| The data |
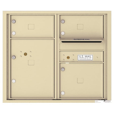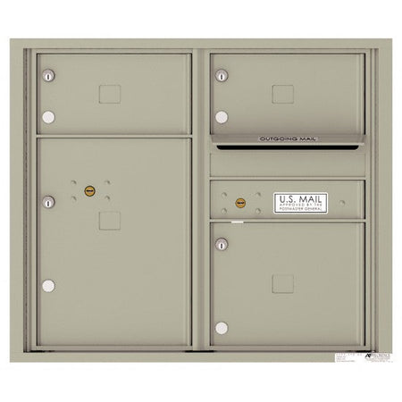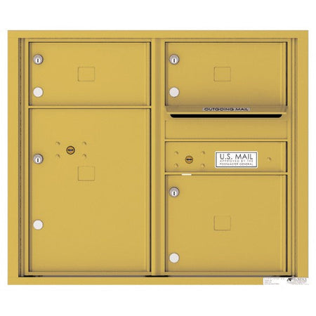 4C07D-03 - 3 Oversized Tenant Doors with 1 Parcel Locker and Outgoing Mail Compartment - 4C Wall Mount 7-High Mailboxes
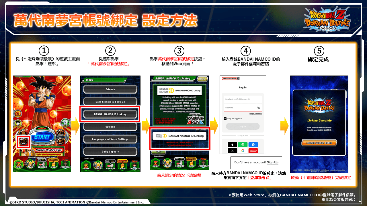 步驟1:將遊戲帳號與Bandai Namco ID連動
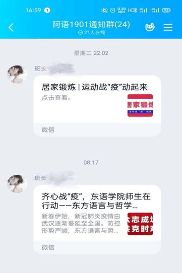 空无一人的街,临时封闭的城市,这不是电影,这是曾经最为繁华的武汉江汉路现状。往年,这里人声鼎沸,而现在,由于严峻的疫情,街道上鲜有人出现。 感谢奋战在前线的医务和警务人员,以及来自各地的志愿者们,正是他们在前线夜以继日的工作,疫情才能进一步缓解,而身处后方的我们也在尽我们的绵薄之力,为战胜疫情工作添砖加瓦。 于是,阿语1901同学们开始以自己的方式助威战疫! 首先,班委组织班级成员通过QQ群、微信群等网络平台,开展团支部线上主题团日活动——青春战“疫”,你我同在。 我们一直通过班群及时传达学校疫情防控相关通知和信息,并督促同学们每日中午11:00前登陆“商大云战疫——空姐

| Prompt |
Copy out the data verbatim, with no pictures.

| Expected output |
 4C07D-03 - 3 Oversized Tenant Doors with 1 Parcel Locker and Outgoing Mail Compartment - 4C Wall Mount 7-High Mailboxes
 步驟1:將遊戲帳號與Bandai Namco ID連動
 空无一人的街,临时封闭的城市,这不是电影,这是曾经最为繁华的武汉江汉路现状。往年,这里人声鼎沸,而现在,由于严峻的疫情,街道上鲜有人出现。 感谢奋战在前线的医务和警务人员,以及来自各地的志愿者们,正是他们在前线夜以继日的工作,疫情才能进一步缓解,而身处后方的我们也在尽我们的绵薄之力,为战胜疫情工作添砖加瓦。 于是,阿语1901同学们开始以自己的方式助威战疫! 首先,班委组织班级成员通过QQ群、微信群等网络平台,开展团支部线上主题团日活动——青春战“疫”,你我同在。 我们一直通过班群及时传达学校疫情防控相关通知和信息,并督促同学们每日中午11:00前登陆“商大云战疫——空姐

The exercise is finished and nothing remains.